有機咖啡、公平貿易咖啡與蔭栽咖啡合稱為永續咖啡。主張環境保護及社會公益維持。藉由品嘗咖啡香,學生可學習到永續咖啡的知識,亦可讓同學在選擇了支持環境永續的咖啡產品,而讓手中的咖啡更富有意義的溫暖價值,成為實際參與保護地球與支持環境永續的一份子。
除了以上對咖啡永續發展的基本概念之外,本次的主講人周思亮,甫自衣索匹亞回台,他將帶領我們到衣索匹亞進行一場身心靈的咖啡之旅。
本活動連結SDG2消除飢餓:確保糧食安全,消除飢餓,促進永續農業與SDG12責任消費及生產: 促進綠色經濟,確保永續消費及生產模式。
Organic coffee, fair trade coffee and shade grown coffee are referred to sustainable coffee, advocating environmental protection and social welfare.
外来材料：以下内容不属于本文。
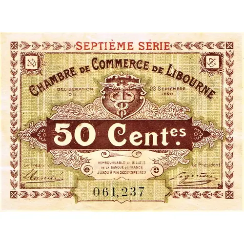 | Obverse lettering | SEPTIEME SERIE CHAMBRE DE COMMERCE DE LIBOURNE Délibération du 23 septembre 1920 50 CENTes. Remboursable en billets de la Banque de France jusqu`à fin décembre 1923. Le trésorier Le Président 061,237 |
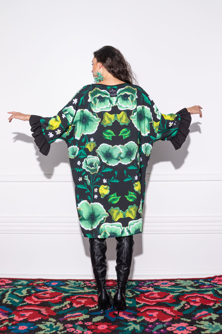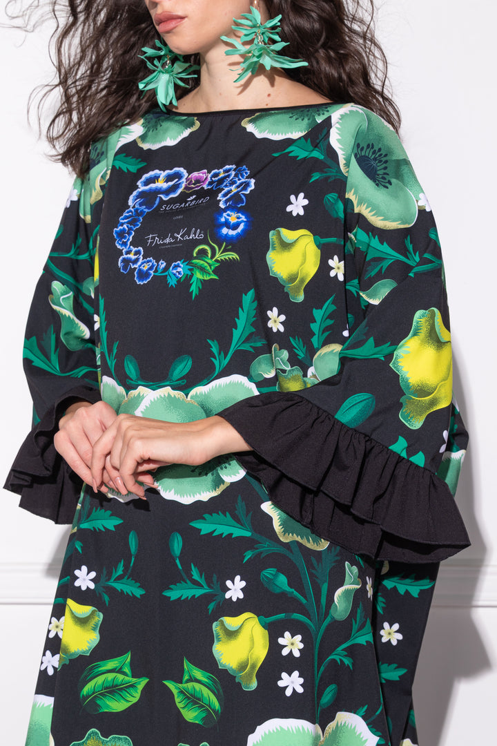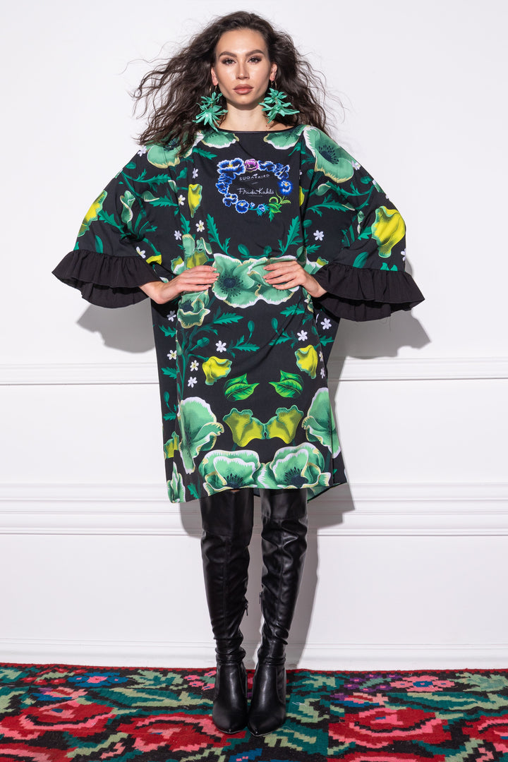 Long sleeves, knee-length, extra loose and loose fit tunic. Wide boat neck with narrow strap. Decorated with ruffles at the bottom of the sleeves. Back SUGARBIRD We sewed a label that said LOVES FRIDA KAHLO.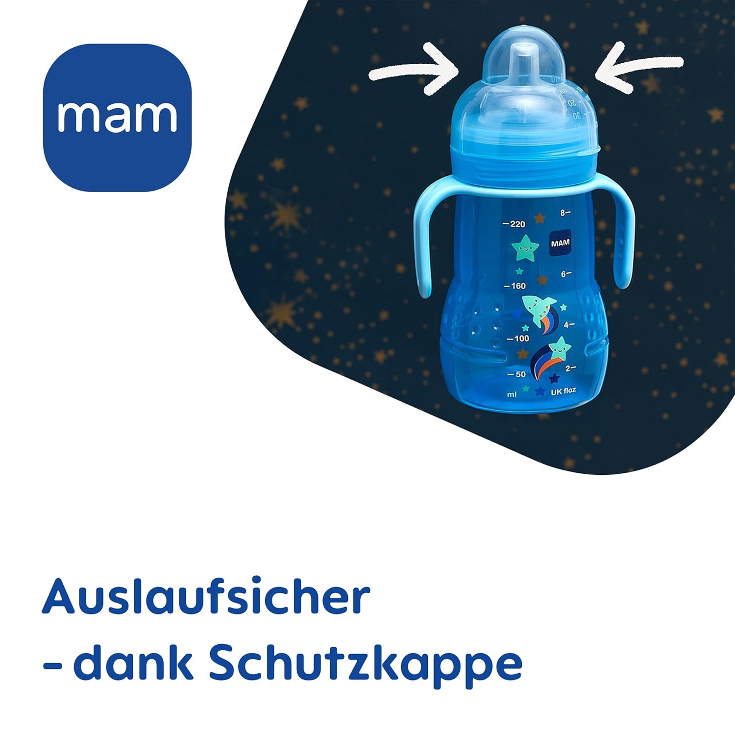 Biberonul MAM Trainer+ 220 ml este creat pentru bebelusii de 4m+ care incep tranzitia de la biberon la cana.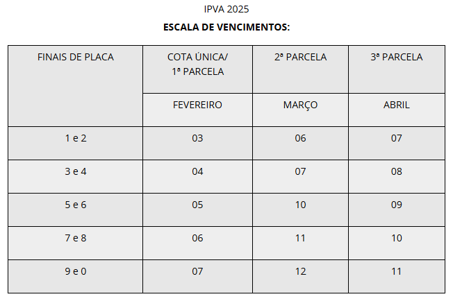 Na sexta-feira, 7 de março, vence a segunda parcela para veículos com placas de final 3 e 4. Na segunda-feira seguinte, dia 10, é a vez das placas que terminam em 5 e 6. Placas com término em 7 e 8 terão o IPVA vencendo dia 11, e 9 e 0, no dia 12.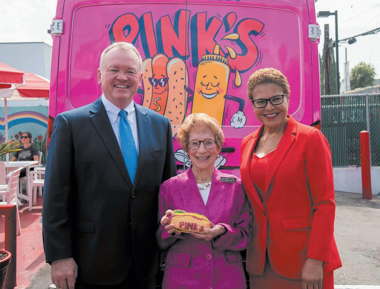MAYOR KAREN BASS with her pick for Los Angeles police chief, Jim McDonnell, and Beverly Pink-Wolfe at the legendary Pink’s hot dog stand.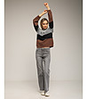 Pulover de damă gri, maro și negru cu lână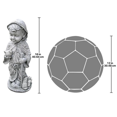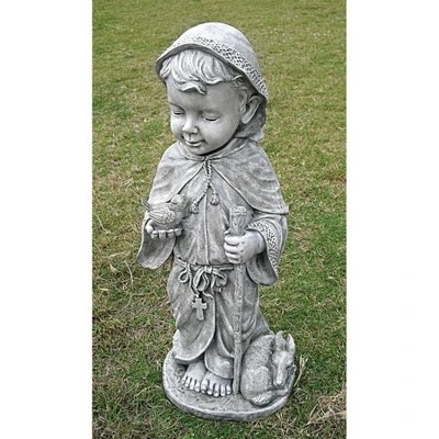 Dressed in the robes of an Italian Franciscan monk, with a cross hanging at his waist and a wide-eyed fawn nestled at his feet, one of history’s most beloved saints is depicted here as a young cherubic child by Italian artist Carlo Bronti. This religious sculpture is cast in quality designer resin with an antique stone finish. If you’re a nature lover, this Design Toscano religious sculpture will be especially impressive! Small: 7½”Wx5½”Dx16″H. 3 lbs.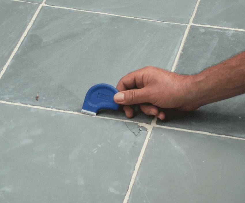 Обновить затирку можно так. Старое покрытие удалить с помощью обычного строительного ножа или специального «расшивателя». Выбор инструмента – дело индивидуальное, главное, чтобы инструмент не оставлял царапин и других повреждений на поверхности плитки.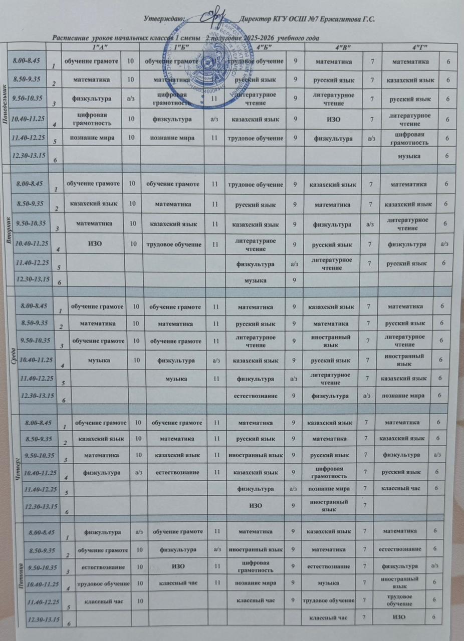 2025-2026 оқу жылының екінші жартыжылдығына арналған бастауыш сыныптардың сабақ кестесі

By tasting the aroma of coffee, students can learn the knowledge of sustainable coffee and choose coffee products that support environmental sustainability to make the coffee in their hands more meaningful and warm, and play an active role in protecting the earth and supporting environmental sustainability.
Except for the above basic concepts of sustainable development of coffee, our speaker, Peter Chou (Siliang Chou), just returned to Taiwan from Ethiopia. He will lead us to a physical, mental and spiritual coffee journey in Ethiopia.
This activity links SDG2 Zero Hunger: Ensuring Food Security, Zero Hunger, Promoting Sustainable Agriculture and SDG12 Responsible Consumption and Production: Promoting a Green Economy, Ensuring Sustainable Consumption and Production Patterns.